Quand on lui demande s’il a déjà été intimidé au moment de prendre une décision, l’Italien répond, avec le sourire : « Non. Il n’est pas facile de m’intimider. » Surnommé Kojak à cause de la perte soudaine de tous ses cheveux (et poils) à 24 ans, suite à une forme sévère d’alopécie, le Bolognais de 1,88 m, aux yeux exorbités, était craint par les joueurs. D’autant plus qu’aucune erreur majeure ne lui a collé à la peau durant sa carrière, lui conférant un surplus d’autorité.

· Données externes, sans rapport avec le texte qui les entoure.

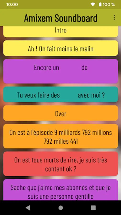 This application allows you to have fun playing the best cult phrases said by Amixem!
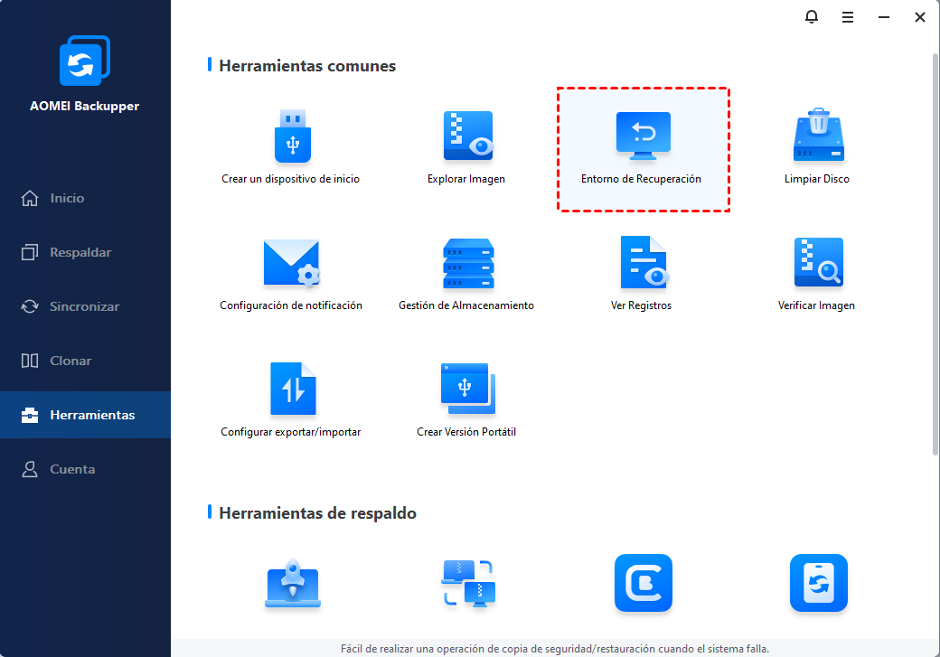 - Si actualizas a AOMEI Backupper Professional o ediciones superiores, puedes crear un entorno de recuperación especial para realizar copias de seguridad/restauración sin iniciar Windows. Solo ve a Herramientas > Entorno de recuperación para habilitarlo.

Capable de s’interposer physiquement lors d’un début d’embrouille entre le « Pitbull » Edgar Davids et le Tchèque Tomas Repka, Pierluigi Collina avait le coffre pour arbitrer de très grands événements. La finale de Ligue des champions 2009, par exemple, où Manchester United gagne 2-1 en marquant deux buts au Bayern Munich dans les arrêts de jeu ; ou encore la finale de la Coupe du monde 2002 entre le Brésil et l’Allemagne (2-0). En 1999, il expulse même Fabien Barthez en finale de la Coupe UEFA après seulement 45 minutes de jeu, ne pouvant supporter qu’un autre chauve foule la pelouse. Il n’y avait effectivement la place que pour un seul Divin Chauve sur le pré, et Pierluigi Collina faisait parfaitement l’affaire.